As for Carrie, well, we all know, right? The drugs, the gay husband, the declining acting career. The sin of growing older and gaining weight! The mental illness and breakdowns. And then – the temerity to…write about it all? With humor? And do it well? One can only imagine the potential she saw in that from a hospital bed or alone in her room late at night when she couldn’t speak. I didn’t know her but it’s hard to imagine she saw it as anything close to a recipe to undo any perceived personal failures. No doubt more like a self-expression of whom she was and what she needed to do in order to survive the down times.

This, and countless other quotes too numerous to name
Of course, this is not to categorize things like mental illness, weight gains, marital breakups, career lows or O.D-ing as failures. That’s for the Internet and society at large to do for us. And they will do that. Relentlessly. And sometimes in the form of places and people much too dangerously close to you/us. (Note: As will the bathroom mirror).

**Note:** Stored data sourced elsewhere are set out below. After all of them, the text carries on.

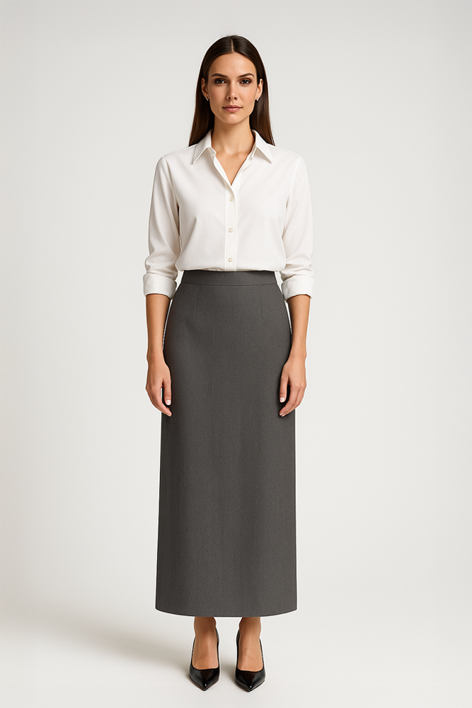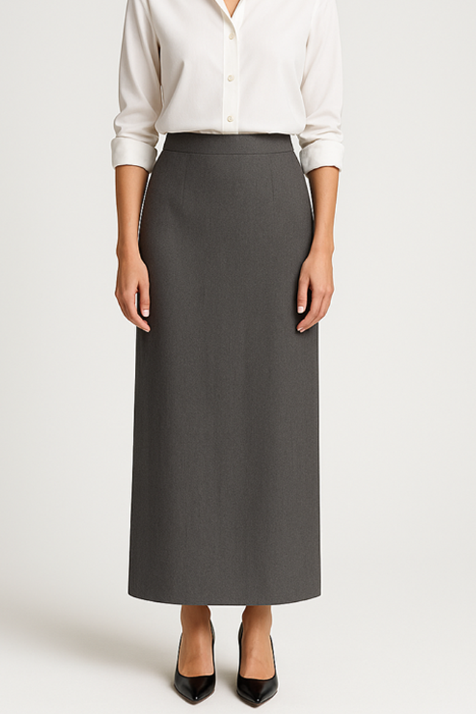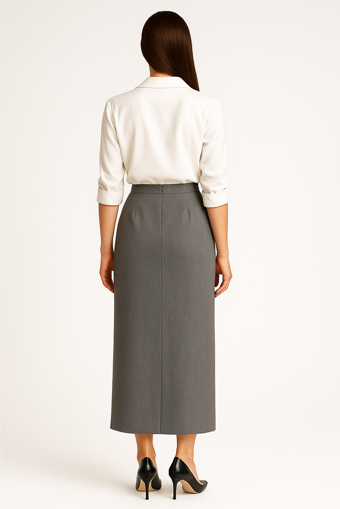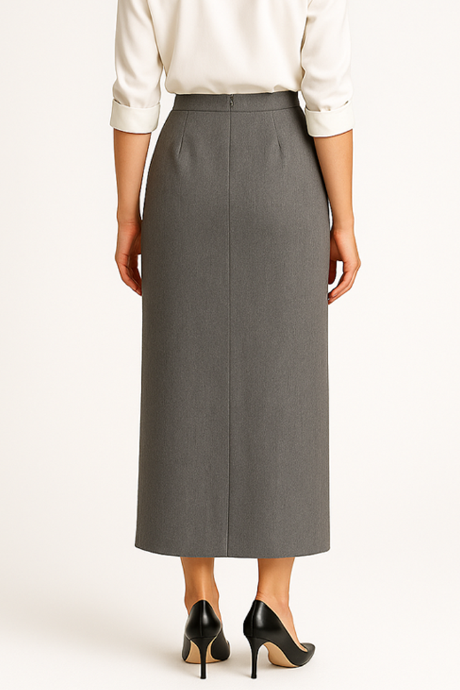 تميّزي بإطلالة أنثوية وراقية مع هذه التنورة الطويلة ذات التصميم المستقيم واللون الرمادي. مصممة بسحاب خلفي لسهولة الارتداء وفتحة خلفية تضيف لمسة من الأناقة والراحة في الحركة. قطعة أساسية لا غنى عنها لإطلالة مكتبية أو رسمية متقنة.
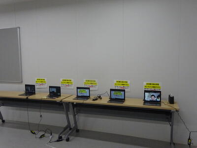 小会議室に1組から5組の5台の配信用タブレットが並べられ、次々に子ども達が入室してきています。学校で練習をしたteamsへの入室もスムーズにできているようです。子ども達同士で画面ごしに手を振り合うなど順調にテストが進んでいます。
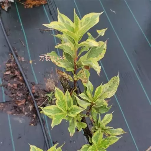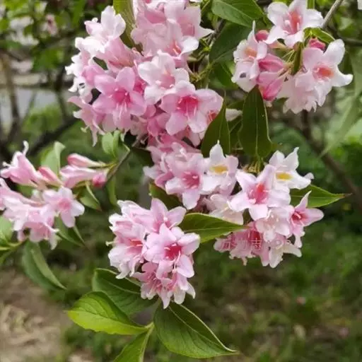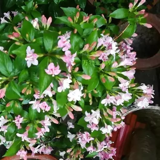 4.花叶锦带花:株高2米至3米。株丛紧密,株高1.5-2m,冠同2-2.5m,叶缘乳黄色或白色,叶对生,长卵形,叶端渐尖。聚伞花序生于枝顶,萼筒绿色,花冠喇叭状,花色由白逐渐变为粉红色,由于花开放时间不同,有白、有红,使整个植株呈现 两色花,在花叶衬托下,格外绚丽多彩。
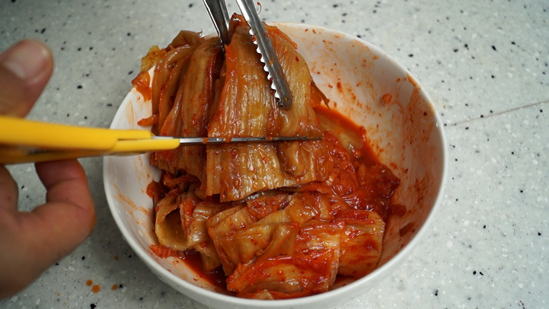3. 김치는 선호하는 크기에 맞춰 먹기좋은 크기로 잘라주세요.
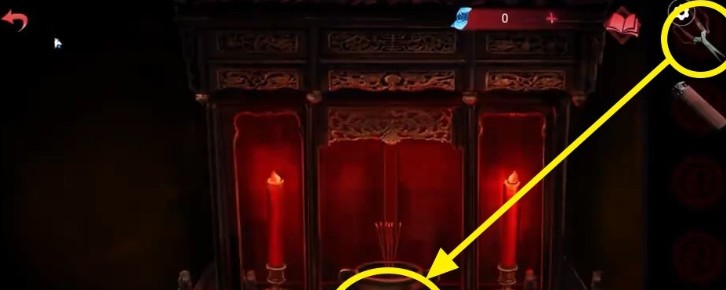 开启【六宝阁】的彩珠盒子后获得【纸剪刀】,将【纸剪刀】放在【六宝阁】内左侧的香炉处,把剪刀传送给王娇彤。
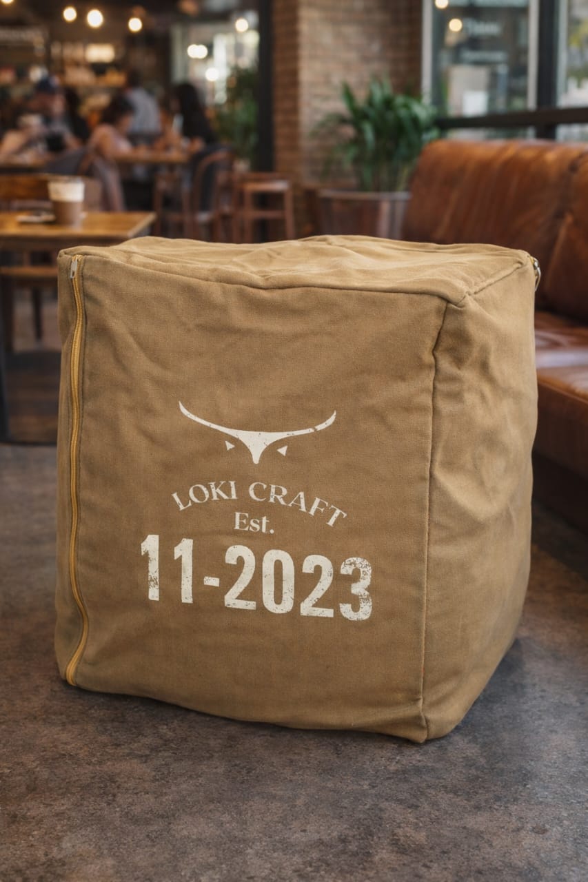 The Indiana Cube Shape Bean Bag boasts a vintage look and is made of high-quality cotton fabric in a warm sand yellow color. Perfect for any home, this 16x16 inch bean bag comes without fill and features the iconic Loki Craft logo screen printed on the front. Please note, this product is not water resistant.
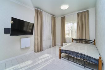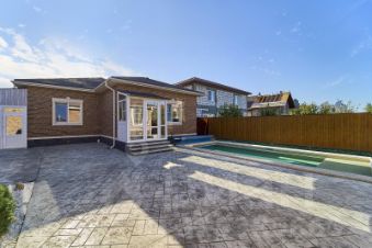 Второй дом-гостевой площадью 98 кв. м., в одном уровне, в предчистовой отделке: большая кухня-гостиная 30 кв. м, комната, баня, душевая и санузел, также крытая беседка и кладовая. В доме по всему периметру теплые полы.
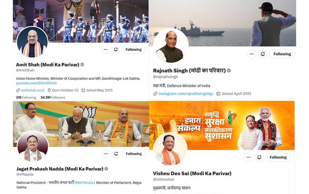 नई दिल्ली । केंद्रीय गृह मंत्री अमित शाह और भाजपा अध्यक्ष जेपी नड्डा समेत कई वरिष्ठ नेताओं ने सोशल मीडिया पर अपना बायो बदल लिया है। भाजपा नेताओं ने अपने बायो में नाम के आगे ‘मोदी का परिवार’ लिख लिया है। पीएम मोदी के साथ एकजुटता दिखाने के लिए ऐसा किया गया है। दरअसल रविवार को बिहार में जन विश्वास महारैली के दौरान राजद नेता लालू प्रसाद यादव ने परिवारवाद के मुद्दे पर पीएम मोदी पर निशाना साधा था। उसी के पलटवार में भाजपा नेताओं ने ये रणनीति अपनाई है। जिसके बाद छत्तीसगढ़ के मुख्यमंत्री विष्णुदेव साय ने भी अपने X अकॉउंट पर मैं भी मोदी का परिवार लिख दिया है।
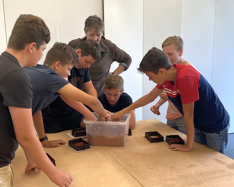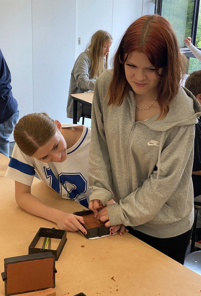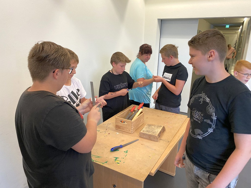 Nach einer kurzen Führung mit jeder Menge Informationen und interessanten Gedankenspielen rund um den Fund der Himmelsscheibe, die man übrigens normalerweise im Museum in Halle besichtigen kann, sahen die Schüler eine Show im hauseigenen Observatorium, bevor es in den Workshop ‚Zinngießen‘ ging. Dort konnte sich jeder seine eigenen Mini-Himmelsscheibe zum Mitnehmen aus Zinn herstellen – Step by Step unter Anleitung und durchaus mit Arbeit verbunden!

It is more of a reminder to own your inner James Blunt, whatever that is, and move on. And as Carrie’s fictional Mom said in the move version of her memoir, Postcards from the Edge, “I don’t blame other people for my misfortunes.” And as the fictional version of herself shouted back, “I took the drugs, nobody made me.” Which is all fine when you’re in an analyst’s office or writing about your life – and often one in the same.
It’s getting past the admissions or the proclamations and moving on to something – anything else. Doing laundry is a start. Though I prefer cooking or something artistic. Even any type of exercise will do it.
Except spinning.
You know what I mean even if the current president of the U.S. (at the moment, that is) does not.
You didn’t think I’d leave that out, did you?